ToS3MigrationError: uploads not migrated to S3, leading to broken attachments. How to fix this error?

FileStore::ToS3MigrationError: 182 of 21512 uploads are not migrated to S3. S3 migration failed for db ‘default’.

then some stack trace from ‘raise_or_log’, ‘migration_successful?’, ‘migrate_to_s3’, ‘migrate’, ‘block in migrate_to_s3_all_sites’

I ran into these errors twice when running the task uploads:migrate_to_s3 . About 1% of the files were not successfully migrated, leading to broken attachments on the site after a rebake. These all seem to be older files around the initial few months when I first created this Discourse instance.

In digging into the S3 bucket, the files do seem to have been successfully uploaded to S3, they are just not linked correctly after rebaking.

Rerunning the migration (prior to another rebake) seems to have fixed the issue for some reason. The same error still occurs during the migrate_to_s3 task.

However, if I run rebake again, it re-breaks the attachment links.

I don’t think these are errors, but I’ll include the output during the rebake

/var/www/discourse/lib/file_store/base_store.rb:6: warning: already initialized constant FileStore::BaseStore::UPLOAD_PATH_REGEX
/var/www/discourse/lib/file_store/base_store.rb:6: warning: previously definition of UPLOAD_PATH_REGEX was here
/var/www/discourse/lib/file_store/base_store.rb:7: warning: already initialized constant FileStore::BaseStore::OPTIMIZED_IMAGE_PATH_REGEX
/var/www/discourse/lib/file_store/base_store.rb:7: warning: previous definition of OPTIMIZED_IMAGE_PATH_REGEX was here

Running rake posts:missing_uploads or PostCustomField.where(name: Post::MISSING_UPLOADS) does not surface any issues, so this seems unrelated.
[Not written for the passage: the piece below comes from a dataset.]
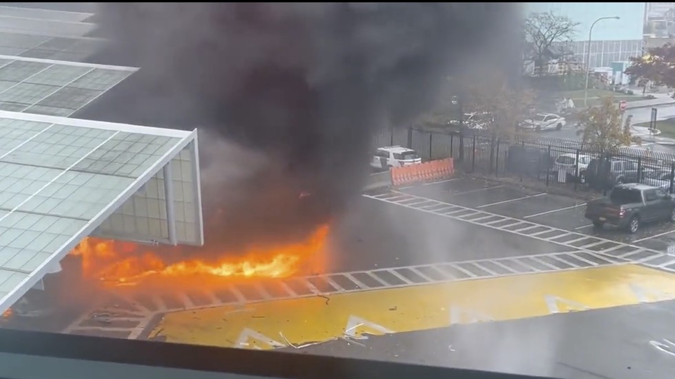 Footage shows the vehicle speeding up and going airborne before crashing into checkpoint © Twitter / © Yanky_Pollak Surveillance cameras at a US-Canada border crossing captured the moment a speeding vehicle exploded at a checkpoint on Wednesday. The incident remains under investigation. CCTV footage posted to social media shows an explosion immediately outside a customs booth, though the car itself does not appear in that clip. Other footage described by news outlets including ABC and Fox News reportedly shows the vehicle stopping at an initial security checkpoint on the US side of Rainbow Bridge, which spans the Niagara River gorge, where it was referred to another checkpoint for closer examination. The vehicle apparently sped up and crashed into the second checkpoint, where it exploded, according to another CCTV video. 🚨#BREAKING: New surveillance video shows the moment when the white vehicle went airborne and crashed at the Rainbow Bridge Crossing checkpoint before going up in flames near Niagara Falls pic.twitter.com/7I2JGM9aTw — R A W S A L E R T S (@rawsalerts) November 22, 2023 Photos and video purporting to depict the aftermath of the explosion show thick smoke billowing from the checkpoint area and twisted pieces of the vehicle strewn around the booths. The two people in the car are said to have died in the blast, while a border patrol agent was injured. Fox News, citing “high-level police sources,” originally described the explosion as an attempted terrorist attack, claiming the car was full of explosives and was targeting the Customs and Border Patrol building. However, that claim was later retracted. The FBI has only confirmed that the explosion took place, explaining in a statement posted on social media that the situation is “fluid” and that it is working with local and state law enforcement.

My problem might be related to this issue: Migrate_to_S3 Fails on Rebake - #12 by evenif

I will see what I learn and might close this and move convo over there.

The old broken attachments/uploads show up as
[{file name}|attachment](/uploads/default/original/2X/6/{sha1 hash + extension}) in the post’s raw text. This gets cooked as href="/uploads/default/original/2X/6/{sha1 hash + extension}", which breaks file attachments, but not images.

Later working attachments appear as [{file name}|attachment](upload://{sha1 to base62 + extension}) and get cooked as href="/uploads/short-url/{sha1 to base62 + extension}.

I wrote a little ruby code to go through all the posts in the know problematic time period and replaced all the old upload urls with the newer version. I utilized the Upload model’s base62_sha1 function to convert the sha1 hash to the expected file name that discourse short urls are expecting.

This made the attachments work. Then I ran another rebake just to confirm the fix, and it seems to still be working. It seems like the problem just resided in Post.raw and didn’t have anything to do with Upload.